Douglass spoke at many schools around the country in the Reconstruction era, including Bates College in Lewiston, Maine in 1873.

Later life

In 1877, Frederick Douglass purchased his final home in Washington D.C., on the banks of the Anacostia River. He named it Cedar Hill (also spelled CedarHill). He expanded the house from 14 to 21 rooms and included a china closet. One year later, Douglass expanded his property to 15 acres (61,000 m²), with the purchase of adjoining lots. The home is now the location of the Frederick Douglass National Historic Site.

After the disappointments of Reconstruction, many African Americans called Exodusters moved to Kansas to form all-black towns. Douglass spoke out against the movement, urging blacks to stick it out. He was condemned and booed by black audiences.

In 1877, Douglass was appointed a United States Marshal. In 1881, he was appointed Recorder of Deeds for the District of Columbia. His wife (Anna Murray Douglas) died in 1882, leaving him in a state of depression. His association with the activist Ida B. Wells brought meaning back into his life. In 1884, Douglass married Helen Pitts, a white feminist from Honeoye, New York. Pitts was the daughter of Gideon Pitts, Jr., an abolitionist colleague and friend of Douglass. A graduate of Mount Holyoke College (at that time Mount Holyoke Female Seminary), Pitts had worked on a radical feminist publication named Alpha while living in Washington, D.C..

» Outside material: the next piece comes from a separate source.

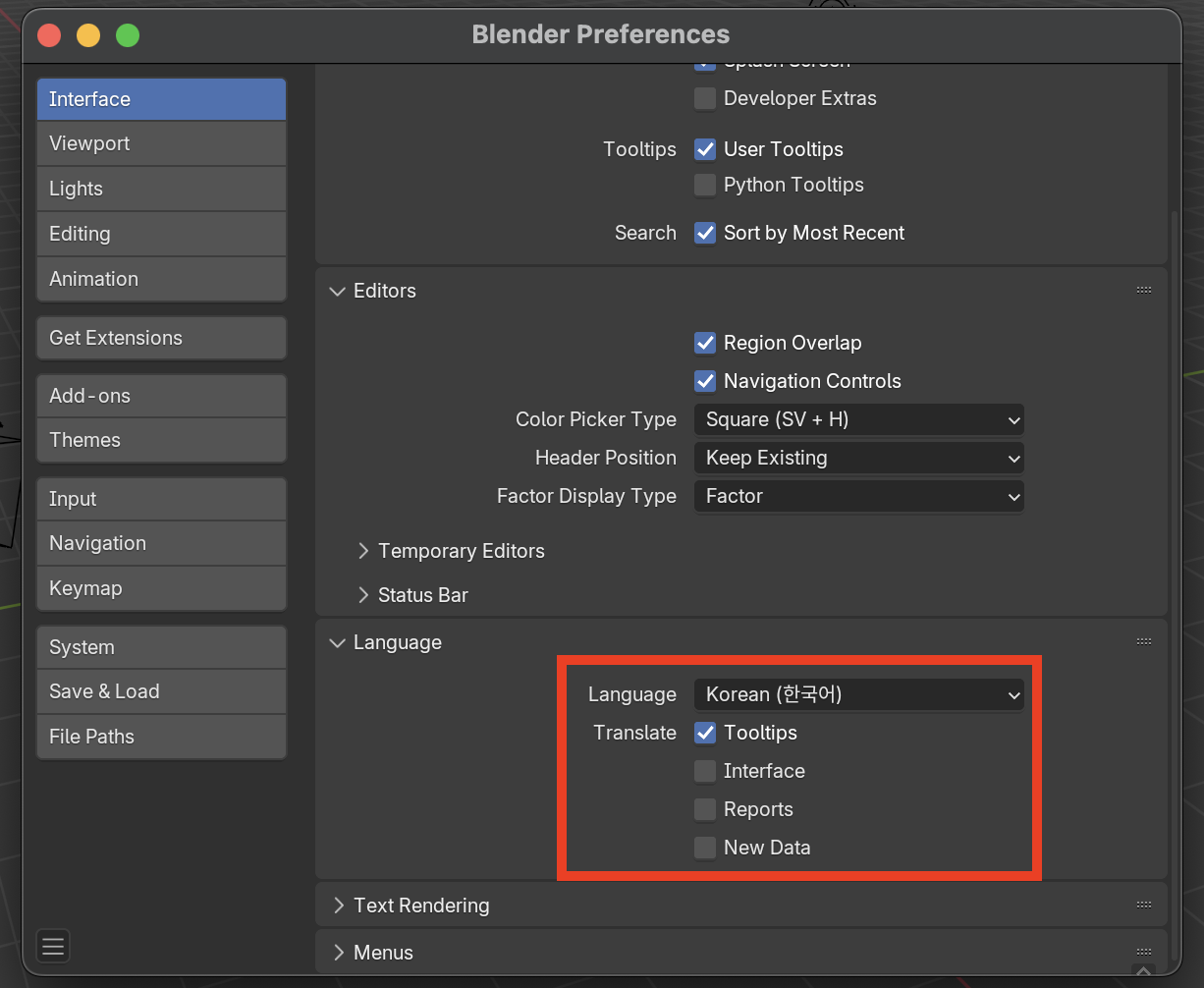 - 블렌더 한글 설정은 득 보다 실이 많다. 전체 한글 적용은 하지 말 것.

Frederick and Helen Pitts Douglass faced a storm of controversy as a result of their marriage. She was a white woman and nearly 20 years younger than he. Both families recoiled; hers stopped speaking to her; his was bruised, as they felt his marriage was a repudiation of their mother. But individualist feminist Elizabeth Cady Stanton congratulated the two.

The new couple traveled to England, France, Italy, Egypt and Greece from 1886 to 1887.

In later life, Douglass was determined to ascertain his birthday. He was born in February of 1816 by his own calculations, but historians have found a record indicating his birth in February of 1818.

In 1892 the Haitian government appointed Douglass as its commissioner to the Chicago World's Columbian Exposition. He spoke for Irish Home Rule and on the efforts of Charles Stewart Parnell. He briefly revisited Ireland in 1886.

Death

On February 20, 1895, Douglass attended a meeting of the National Council of Women in Washington, D.C.. During that meeting, he was brought to the platform and given a standing ovation by the audience. Shortly after he returned home, Frederick Douglass died of a massive heart attack or stroke in his adopted hometown of Washington D.C.. He is buried in Mount Hope Cemetery in Rochester, NY.

Frederick Douglass quotes

"Those who profess to favor freedom and yet deprecate agitation, are men who want crops without plowing up the ground, they want rain without thunder and lightning. They want the ocean without the roar of its many waters"

"To make a contented slave it is necessary to make a thoughtless one. It is necessary to darken the moral and mental vision and, as far as possible, to annihilate the power of reason."

"I assert most unhesitatingly, that the religion of the South is a mere covering for the most horrid crimes - a justifier of the most appalling barbarity, a sanctifier of the most hateful frauds, and a dark shelter under which the darkest, foulest, grossest, and most infernal deeds of slaveholders find the strongest protection." 

Frederick Douglass books in order

A Narrative of the Life of Frederick Douglass, an American Slave (1845)
The Heroic Slave. Autographs for Freedom. (1853)
My Bondage and My Freedom (1855)
Life and Times of Frederick Douglass (1892)

Douglass also edited the abolitionist newspaper The North Star from 1847 to 1851; The North Star was merged with another paper and became Frederick Douglass’ Paper.